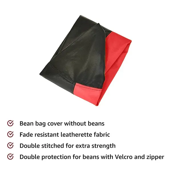 Faux Leather Xxxl Faux Leather Bean Bag Cover Without Beans (Red And Black), 124 Cm
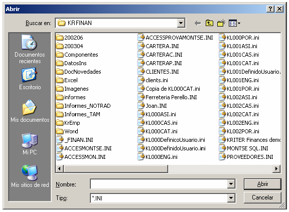 2. Creación Fichero *.INI desde Kriter Finanzas
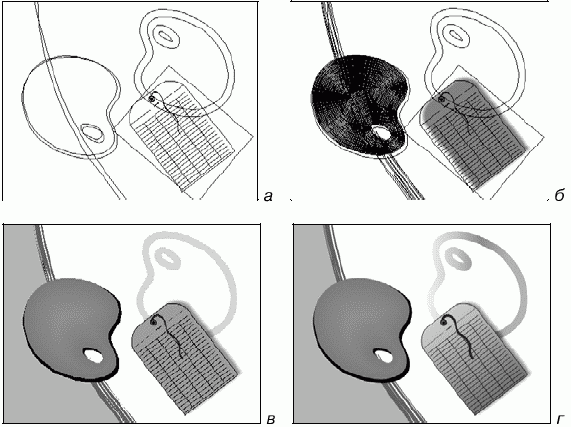 ♦ Wireframe (Каркас). Аналогичен предыдущему режиму, но упомянутые эффекты отображаются полностью (рис. 2.34, б).
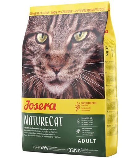 La recette des croquettes Josera NatureCat ne contient pas de céréales et convient donc parfaitement aux chats et chatons de plus de 6 mois qui souffrent de sensibilités alimentaires. Leurs teneurs élevées en volaille (29 %) et en saumon (10 %) fournissent à l'organisme des protéines essentielles. Agrémenté de fines herbes, mais aussi de légumes et de fruits, cet aliment complet apportera de la variété dans la gamelle de votre chat et fournira à votre petit compagnon un apport nutritif... ...
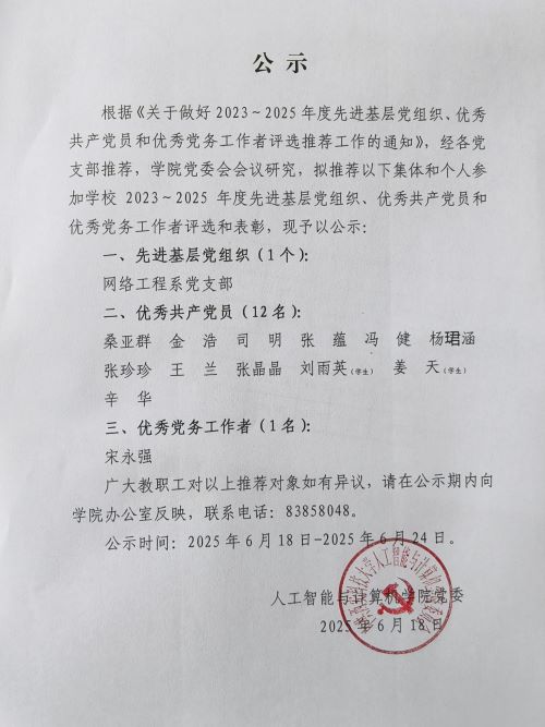 2025年公司“七一”表彰推荐公示
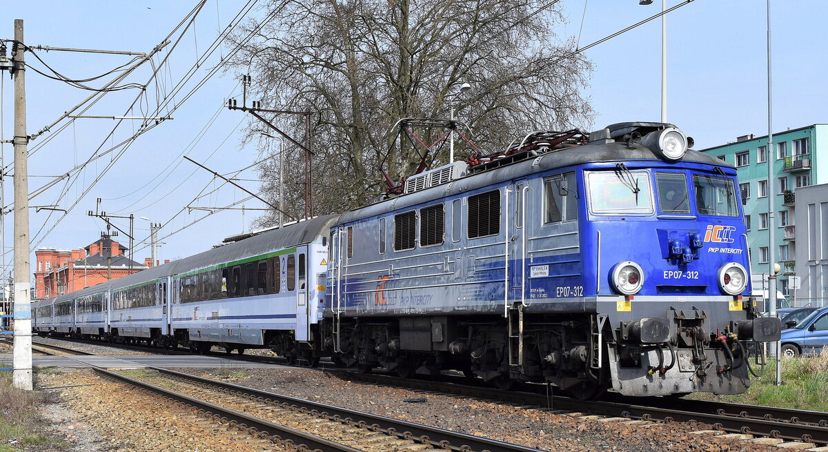PKP Intercity spółka z o.o., Warszawa [PL] mit ihrer "EP07-312" (NVR: "91 51 1 140 052-8 PL-PKPIC") und einem IC bei der Ausfahrt Bahnhof Kostrzyn nad Odrą am 20.03.24

☆ ☆ ☆ ☆ ☆ ☆ ☆

Would you please retype the material above exactly and leave out each picture?

→ Result for this task:
 Faux Leather Xxxl Faux Leather Bean Bag Cover Without Beans (Red And Black), 124 Cm
 2. Creación Fichero *.INI desde Kriter Finanzas
 ♦ Wireframe (Каркас). Аналогичен предыдущему режиму, но упомянутые эффекты отображаются полностью (рис. 2.34, б).
 La recette des croquettes Josera NatureCat ne contient pas de céréales et convient donc parfaitement aux chats et chatons de plus de 6 mois qui souffrent de sensibilités alimentaires. Leurs teneurs élevées en volaille (29 %) et en saumon (10 %) fournissent à l'organisme des protéines essentielles. Agrémenté de fines herbes, mais aussi de légumes et de fruits, cet aliment complet apportera de la variété dans la gamelle de votre chat et fournira à votre petit compagnon un apport nutritif... ...
 2025年公司“七一”表彰推荐公示
PKP Intercity spółka z o.o., Warszawa [PL] mit ihrer "EP07-312" (NVR: "91 51 1 140 052-8 PL-PKPIC") und einem IC bei der Ausfahrt Bahnhof Kostrzyn nad Odrą am 20.03.24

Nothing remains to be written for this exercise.